*PROVIDED MATERIAL*
****************************************
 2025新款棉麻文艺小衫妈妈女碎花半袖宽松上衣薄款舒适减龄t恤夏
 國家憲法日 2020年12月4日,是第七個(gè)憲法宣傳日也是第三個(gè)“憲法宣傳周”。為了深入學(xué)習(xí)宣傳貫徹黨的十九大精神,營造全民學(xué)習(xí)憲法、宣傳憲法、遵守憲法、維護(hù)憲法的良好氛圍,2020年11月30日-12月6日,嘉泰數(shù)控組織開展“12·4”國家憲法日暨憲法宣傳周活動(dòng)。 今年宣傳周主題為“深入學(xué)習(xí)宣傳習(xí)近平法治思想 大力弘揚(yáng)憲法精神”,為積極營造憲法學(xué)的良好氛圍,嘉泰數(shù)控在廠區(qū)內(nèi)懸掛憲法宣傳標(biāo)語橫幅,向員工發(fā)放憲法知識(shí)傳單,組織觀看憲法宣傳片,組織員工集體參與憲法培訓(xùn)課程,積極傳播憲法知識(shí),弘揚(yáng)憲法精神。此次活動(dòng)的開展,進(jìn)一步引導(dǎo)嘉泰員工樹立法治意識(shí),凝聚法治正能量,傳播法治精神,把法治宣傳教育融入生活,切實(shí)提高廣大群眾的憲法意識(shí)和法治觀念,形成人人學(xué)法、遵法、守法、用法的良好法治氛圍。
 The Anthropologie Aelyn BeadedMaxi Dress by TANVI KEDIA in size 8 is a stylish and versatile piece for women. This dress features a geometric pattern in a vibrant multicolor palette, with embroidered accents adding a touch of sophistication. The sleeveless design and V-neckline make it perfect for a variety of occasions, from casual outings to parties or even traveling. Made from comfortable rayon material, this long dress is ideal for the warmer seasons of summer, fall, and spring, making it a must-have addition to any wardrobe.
****************************************
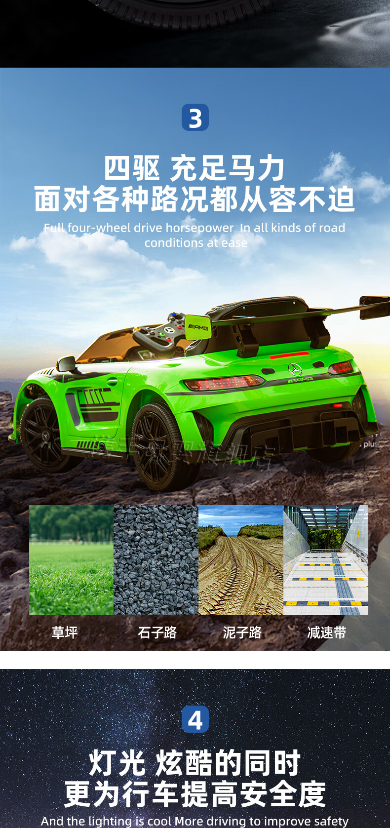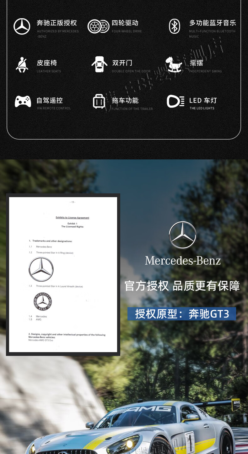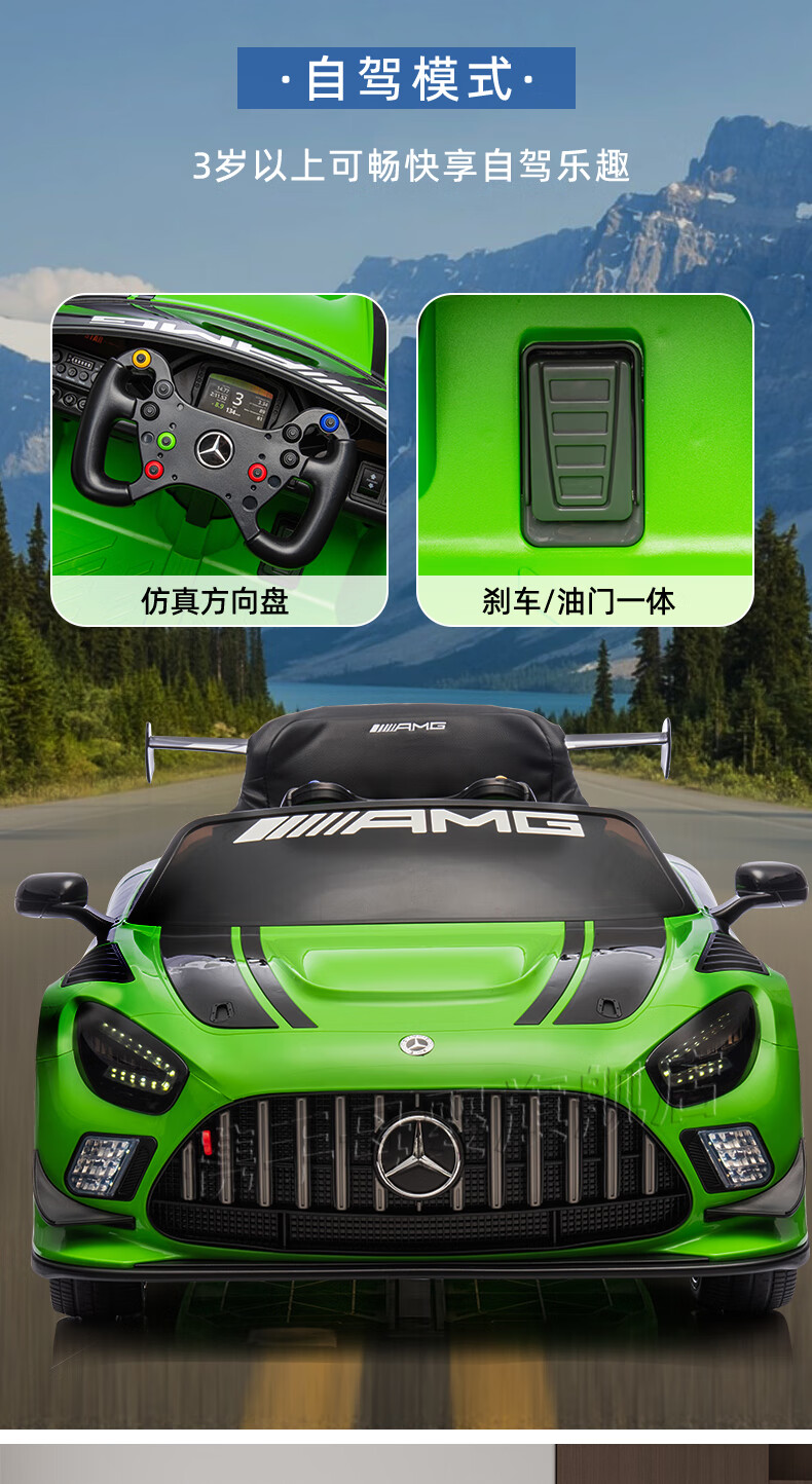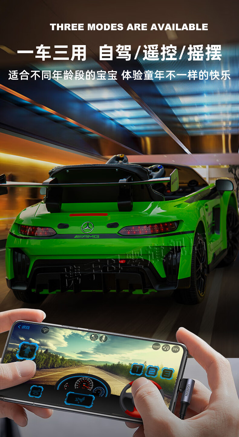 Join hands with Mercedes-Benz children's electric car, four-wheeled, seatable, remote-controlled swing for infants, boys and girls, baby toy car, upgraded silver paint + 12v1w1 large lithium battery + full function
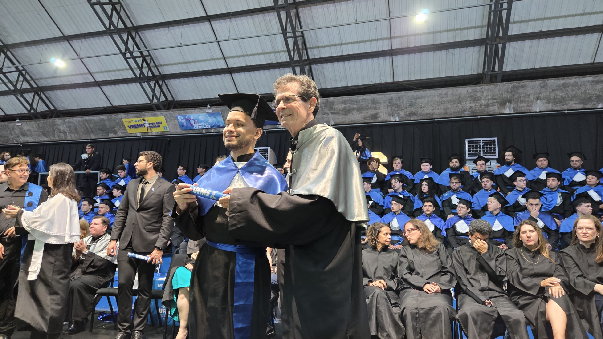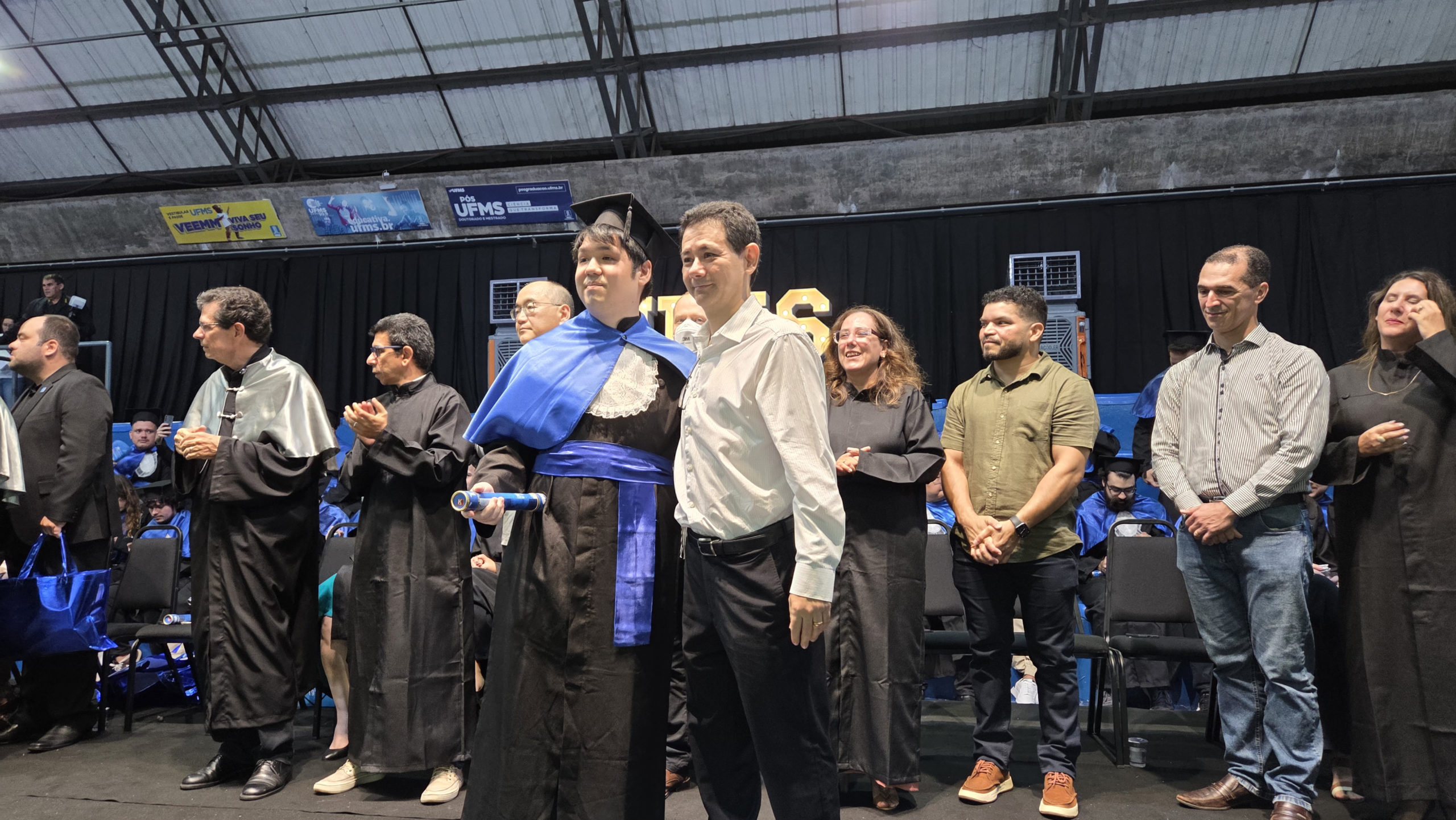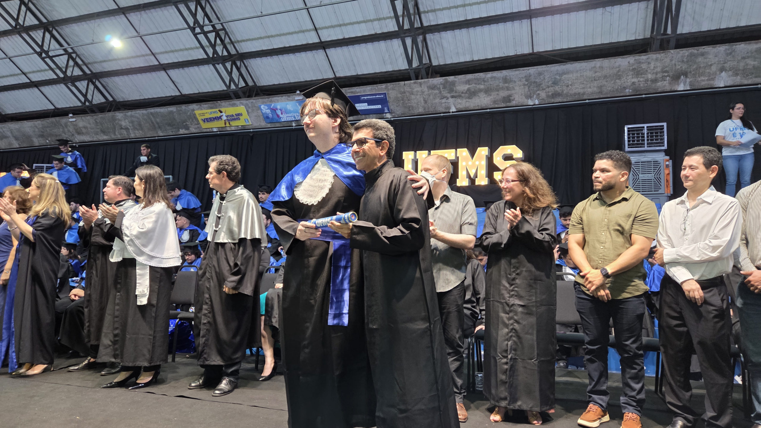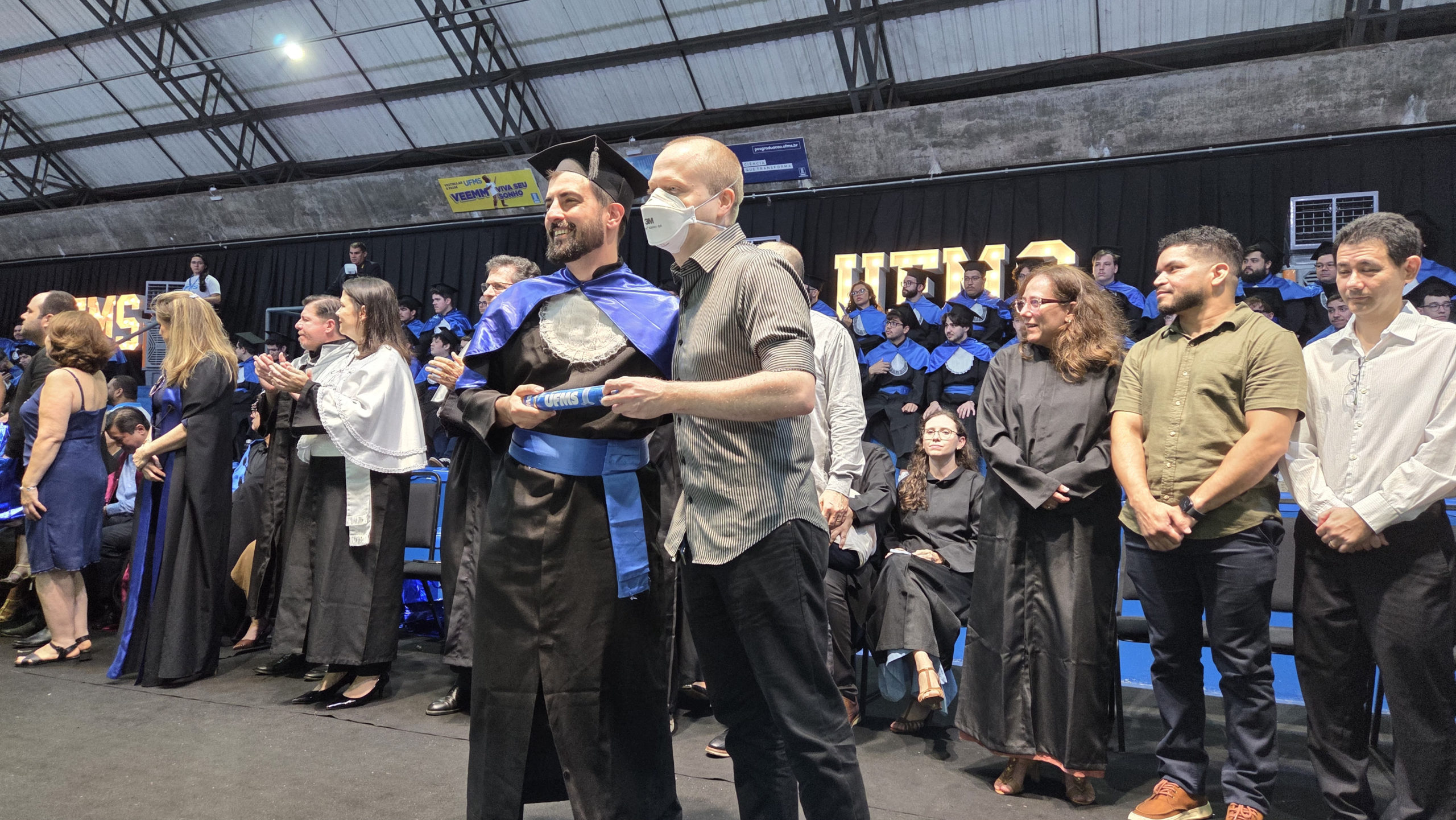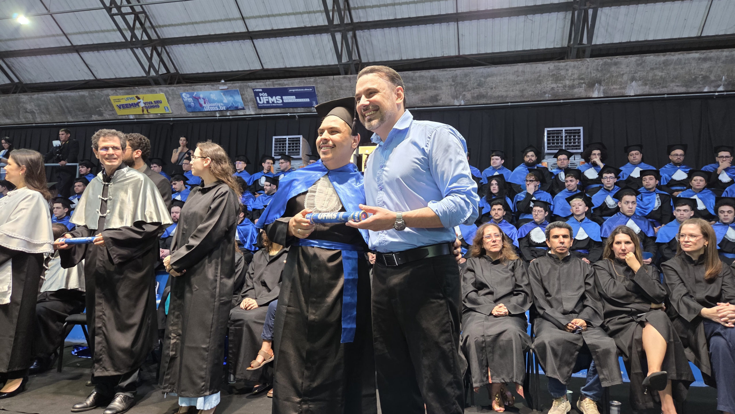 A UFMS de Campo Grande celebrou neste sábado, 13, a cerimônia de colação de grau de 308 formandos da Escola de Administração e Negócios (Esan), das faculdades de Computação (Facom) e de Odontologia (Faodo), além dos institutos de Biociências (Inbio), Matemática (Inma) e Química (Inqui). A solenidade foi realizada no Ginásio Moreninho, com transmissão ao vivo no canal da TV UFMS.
****************************************
*WHAT THIS TASK INVOLVES*
Transcribe the records above from the line holding "2025新款棉麻文艺小衫妈妈女碎花半袖宽松上衣薄款舒适减龄t恤夏" down to the line holding "The Anthropologie Aelyn", inclusive, without adding anything.

*OUTPUT*
 2025新款棉麻文艺小衫妈妈女碎花半袖宽松上衣薄款舒适减龄t恤夏
 國家憲法日 2020年12月4日,是第七個(gè)憲法宣傳日也是第三個(gè)“憲法宣傳周”。為了深入學(xué)習(xí)宣傳貫徹黨的十九大精神,營造全民學(xué)習(xí)憲法、宣傳憲法、遵守憲法、維護(hù)憲法的良好氛圍,2020年11月30日-12月6日,嘉泰數(shù)控組織開展“12·4”國家憲法日暨憲法宣傳周活動(dòng)。 今年宣傳周主題為“深入學(xué)習(xí)宣傳習(xí)近平法治思想 大力弘揚(yáng)憲法精神”,為積極營造憲法學(xué)的良好氛圍,嘉泰數(shù)控在廠區(qū)內(nèi)懸掛憲法宣傳標(biāo)語橫幅,向員工發(fā)放憲法知識(shí)傳單,組織觀看憲法宣傳片,組織員工集體參與憲法培訓(xùn)課程,積極傳播憲法知識(shí),弘揚(yáng)憲法精神。此次活動(dòng)的開展,進(jìn)一步引導(dǎo)嘉泰員工樹立法治意識(shí),凝聚法治正能量,傳播法治精神,把法治宣傳教育融入生活,切實(shí)提高廣大群眾的憲法意識(shí)和法治觀念,形成人人學(xué)法、遵法、守法、用法的良好法治氛圍。
 The Anthropologie Aelyn BeadedMaxi Dress by TANVI KEDIA in size 8 is a stylish and versatile piece for women. This dress features a geometric pattern in a vibrant multicolor palette, with embroidered accents adding a touch of sophistication. The sleeveless design and V-neckline make it perfect for a variety of occasions, from casual outings to parties or even traveling. Made from comfortable rayon material, this long dress is ideal for the warmer seasons of summer, fall, and spring, making it a must-have addition to any wardrobe.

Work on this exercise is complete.